# One more top done



## Debbie in Wa (Dec 28, 2007)

here it is with the borders. I cut the borders 5 1/2 inches and it made the quilt 58" by 82".











Now I have 3 Yellow Brick Roads cut out and waiting in line for sewing. those will be part of my donation quilts for next years box.


----------



## PonderosaQ (Jan 12, 2004)

That is gorgeous. Really eye popping. I can see lots of younger girls loving that rather than a more traditional old world pattern. Great job.


----------



## grannygardner (May 4, 2005)

Love your selection of colors. That quilt will be a hit with the lucky recipient.


----------



## CJ (May 10, 2002)

Oh wow, that is a real stunner!


----------



## happyjunker (Mar 22, 2009)

I love that top! Very nice and bright!


----------



## Patches (Aug 9, 2006)

Debbie, I really love that. Thank you for the pattern. It has been put in my 'to-do' stack!! Where can I find the pattern for the yellow brick road top? I have looked several places and haven't found it yet. Can you point me in the right direction? Thanks, Marilyn


----------



## Debbie in Wa (Dec 28, 2007)

Patches, I ordered my from here http://www.fatquartershop.com/store/stores_app/Browse_dept_items.asp?T=1&Store_id=499&page_id=17
I hope to get them started this week. Will post pics later.


----------



## newcolorado (Jan 31, 2012)

I love it.


----------



## Tinker (Apr 5, 2004)

It really looks great--the black really makes the brights pop. I got the pattern you sent, & I hope to give it a try soon.

Thanks!


----------



## jersey girl (Nov 21, 2005)

What is the name of that pattern? That quilt is beautiful!


----------



## Kazahleenah (Nov 3, 2004)

I LOVE the colors!!!
Beautiful!


----------



## Debbie in Wa (Dec 28, 2007)

Jersey Girl,
I don't know the name of the pattern. I saw it on someones blog and fell in love with it. I sat down and drafted out the block and just made them. It is like sewing a rail fence cause every other block is turned.

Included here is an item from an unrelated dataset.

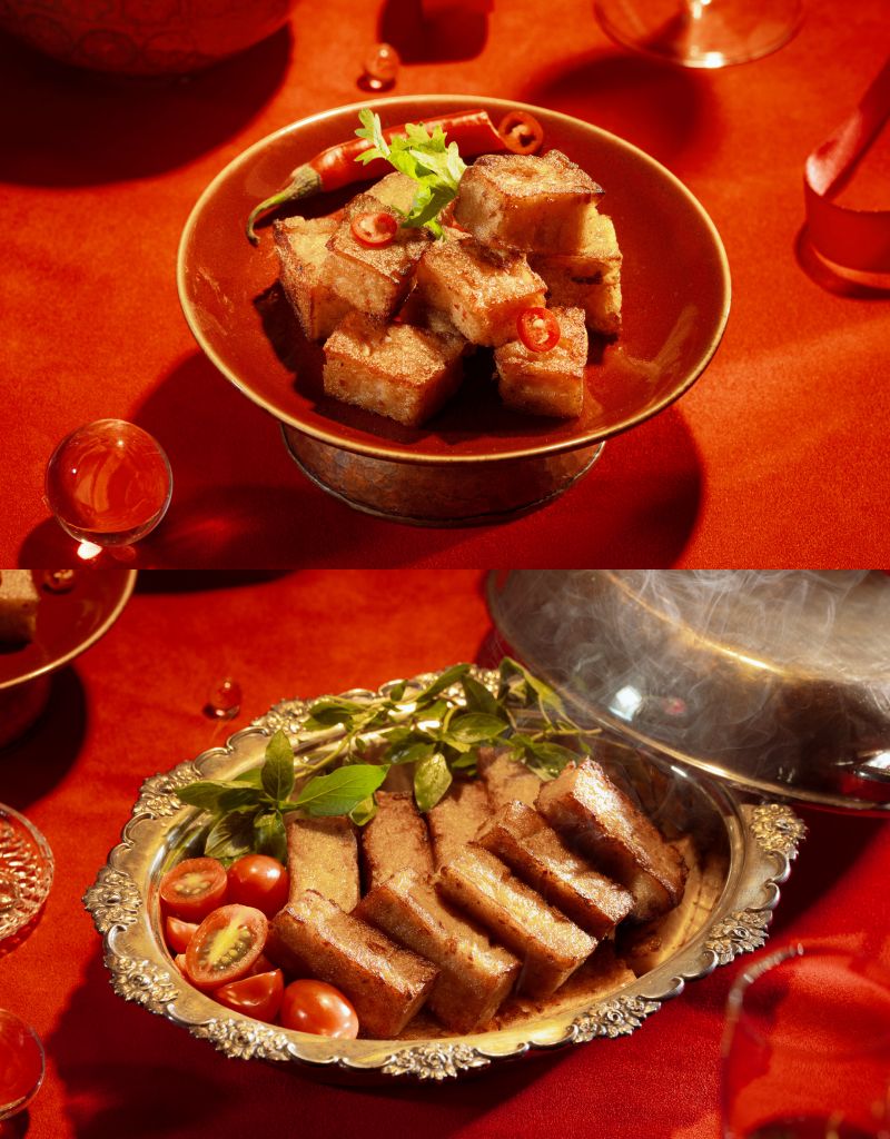 賈以食日川味麻辣蘿蔔糕擁有川辣鴨血冬粉湯底中花椒的麻感與香勁,每口都能嚐到不同層次堆疊的辣感。泰味酸辣魚蘿蔔糕使用泰式冬蔭酸辣醬,根據正宗泰式食譜,以月桂葉、檸檬草、香茅、薑黃、辣椒等多種辛香料調味,酸辣帶勁又開胃,道地風味一吃上癮。兩大辣感入味蘿蔔糕,驚艷口感令人垂涎。

If you send me your e-mail I will send you the pattern I drafted.


----------



## OK Yankee (Oct 30, 2005)

That is beautiful!! i love quilts with black and bright colors! Nicely done!

Yankee


----------



## Maura (Jun 6, 2004)

The black just makes that. I can see it for a girl, but also a boy.


----------



## Chief Cook (Apr 24, 2011)

That is a real stunner! You did a wonderful job!!!!


----------